Grote foto met dank aan Markell.
Meer dan een derde van de Ponseti-gecorrigeerde klompvoeten hervalt en heeft aanvullende behandeling nodig. Het maken van een volledige initiële correctie, zorgen voor optimaal comfort van de brace, en het aanmoedigen van ouderlijke buy-in voor bracing op de lange termijn vermindert brace nonadherence, een belangrijke oorzaak van recidief.
Door Barbara Boughton
Sinds de jaren 1980, is de behandeling van idiopathische klompvoet met de Ponseti-methode steeds populairder geworden onder orthopedische specialisten en chirurgen vanwege de superieure resultaten van de methode op de lange termijn. De Ponseti-methode is minimaal invasief, omdat het uitgaat van serieel gipsen, achillespenotomie en bracing, en patiënten lijden niet onder de postoperatieve en langetermijngevolgen die geassocieerd worden met uitgebreide chirurgische klompvoetloslating.
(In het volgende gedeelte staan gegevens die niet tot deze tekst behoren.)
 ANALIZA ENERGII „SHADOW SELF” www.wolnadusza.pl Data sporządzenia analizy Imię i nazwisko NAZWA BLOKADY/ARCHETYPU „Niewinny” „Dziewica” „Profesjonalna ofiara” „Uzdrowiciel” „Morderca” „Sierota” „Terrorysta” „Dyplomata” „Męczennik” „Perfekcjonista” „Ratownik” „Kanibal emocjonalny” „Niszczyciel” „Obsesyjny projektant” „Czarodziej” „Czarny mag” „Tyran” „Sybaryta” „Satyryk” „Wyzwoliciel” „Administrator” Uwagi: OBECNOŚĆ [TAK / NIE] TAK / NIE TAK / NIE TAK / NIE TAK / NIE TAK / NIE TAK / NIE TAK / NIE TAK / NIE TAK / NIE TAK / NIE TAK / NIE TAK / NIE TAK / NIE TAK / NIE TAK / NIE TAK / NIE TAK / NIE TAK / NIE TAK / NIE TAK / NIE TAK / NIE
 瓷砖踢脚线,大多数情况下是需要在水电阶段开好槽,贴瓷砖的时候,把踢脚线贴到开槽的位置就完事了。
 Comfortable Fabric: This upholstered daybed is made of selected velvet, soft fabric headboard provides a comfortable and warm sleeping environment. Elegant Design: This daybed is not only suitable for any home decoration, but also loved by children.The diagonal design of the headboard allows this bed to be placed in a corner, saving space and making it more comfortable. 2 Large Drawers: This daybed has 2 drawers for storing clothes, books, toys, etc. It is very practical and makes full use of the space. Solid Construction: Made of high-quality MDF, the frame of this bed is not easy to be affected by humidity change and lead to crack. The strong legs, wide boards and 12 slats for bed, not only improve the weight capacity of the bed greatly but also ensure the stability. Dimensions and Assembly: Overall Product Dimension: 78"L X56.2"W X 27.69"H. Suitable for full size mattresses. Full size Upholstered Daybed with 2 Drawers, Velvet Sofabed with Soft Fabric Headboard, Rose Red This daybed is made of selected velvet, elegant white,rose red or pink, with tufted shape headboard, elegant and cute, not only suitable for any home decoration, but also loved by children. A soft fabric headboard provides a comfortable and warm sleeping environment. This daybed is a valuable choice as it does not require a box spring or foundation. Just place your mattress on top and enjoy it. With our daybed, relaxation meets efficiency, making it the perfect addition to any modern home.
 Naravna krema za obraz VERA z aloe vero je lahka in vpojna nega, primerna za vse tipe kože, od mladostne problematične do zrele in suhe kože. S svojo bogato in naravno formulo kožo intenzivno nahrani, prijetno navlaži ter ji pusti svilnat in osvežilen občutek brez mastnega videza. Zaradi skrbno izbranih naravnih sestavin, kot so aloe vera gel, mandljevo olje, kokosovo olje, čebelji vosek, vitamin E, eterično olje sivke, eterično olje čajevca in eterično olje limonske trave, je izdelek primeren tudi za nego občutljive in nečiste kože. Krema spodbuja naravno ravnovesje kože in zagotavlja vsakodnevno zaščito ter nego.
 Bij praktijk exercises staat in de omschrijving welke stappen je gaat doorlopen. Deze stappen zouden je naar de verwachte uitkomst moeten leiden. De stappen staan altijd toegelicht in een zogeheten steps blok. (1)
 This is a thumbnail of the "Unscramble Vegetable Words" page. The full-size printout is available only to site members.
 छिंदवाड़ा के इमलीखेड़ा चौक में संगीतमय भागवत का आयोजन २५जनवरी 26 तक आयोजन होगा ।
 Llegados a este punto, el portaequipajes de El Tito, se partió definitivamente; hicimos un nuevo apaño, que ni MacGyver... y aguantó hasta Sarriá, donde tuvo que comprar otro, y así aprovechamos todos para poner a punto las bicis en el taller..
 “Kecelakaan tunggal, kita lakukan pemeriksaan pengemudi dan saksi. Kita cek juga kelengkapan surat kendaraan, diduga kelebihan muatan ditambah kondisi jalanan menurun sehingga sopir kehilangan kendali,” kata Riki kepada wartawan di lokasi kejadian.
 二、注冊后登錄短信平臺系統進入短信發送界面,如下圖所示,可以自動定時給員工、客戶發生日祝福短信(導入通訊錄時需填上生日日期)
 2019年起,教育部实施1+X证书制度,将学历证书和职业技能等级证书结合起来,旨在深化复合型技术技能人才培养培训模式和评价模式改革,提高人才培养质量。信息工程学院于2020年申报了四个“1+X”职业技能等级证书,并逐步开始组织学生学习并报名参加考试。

Volgens recente studies is het aantal klompvoetoperaties bij kinderen jonger dan 6 maanden met 6,7% per jaar gedaald.1 Deze verschuiving is voornamelijk te danken aan het toegenomen gebruik van de Ponseti-methode, die wordt geassocieerd met betere functionele en biomechanische resultaten dan meer invasieve chirurgische protocollen.2
Toch hebben studies met de Ponseti-methode recidiefpercentages voor klompvoeten gemeld van maar liefst 40%.3 Hoewel onderzoek heeft aangetoond dat de ernst of het type klompvoetdeformiteit recidief kan veroorzaken, hebben veel studies benadrukt dat de sterkste voorspeller van recidief bij de Ponseti-methode het niet volgen van de bracing is. In feite wordt niet-naleving geassocieerd met een vijf- tot 183-voudige kans op terugval en de noodzaak van chirurgische interventie.3,4
Een aantal studies heeft de redenen onderzocht voor het niet-naleven van de bracing door de ouders. Studies hebben aangetoond dat huidirritaties, praktische problemen bij het aanbrengen van de brace, en een kind dat foetert en huilt bij het dragen van de brace belangrijke barrières zijn voor het gebruik. Het niet begrijpen van het belang van braces, vergeten of verwarrende instructies over het gebruik van braces, en gebrek aan continuïteit in de medische zorg zijn ook significante voorspellers van het niet volgen van de braces. Het behandelingsregime is een aanzienlijke – en soms overweldigende – uitdaging voor ouders, aangezien het inhoudt dat het kind de brace in het begin minstens 23 uur moet dragen, met een geleidelijk afnemende draagtijd totdat de brace alleen ’s nachts en tijdens het slapen wordt gedragen.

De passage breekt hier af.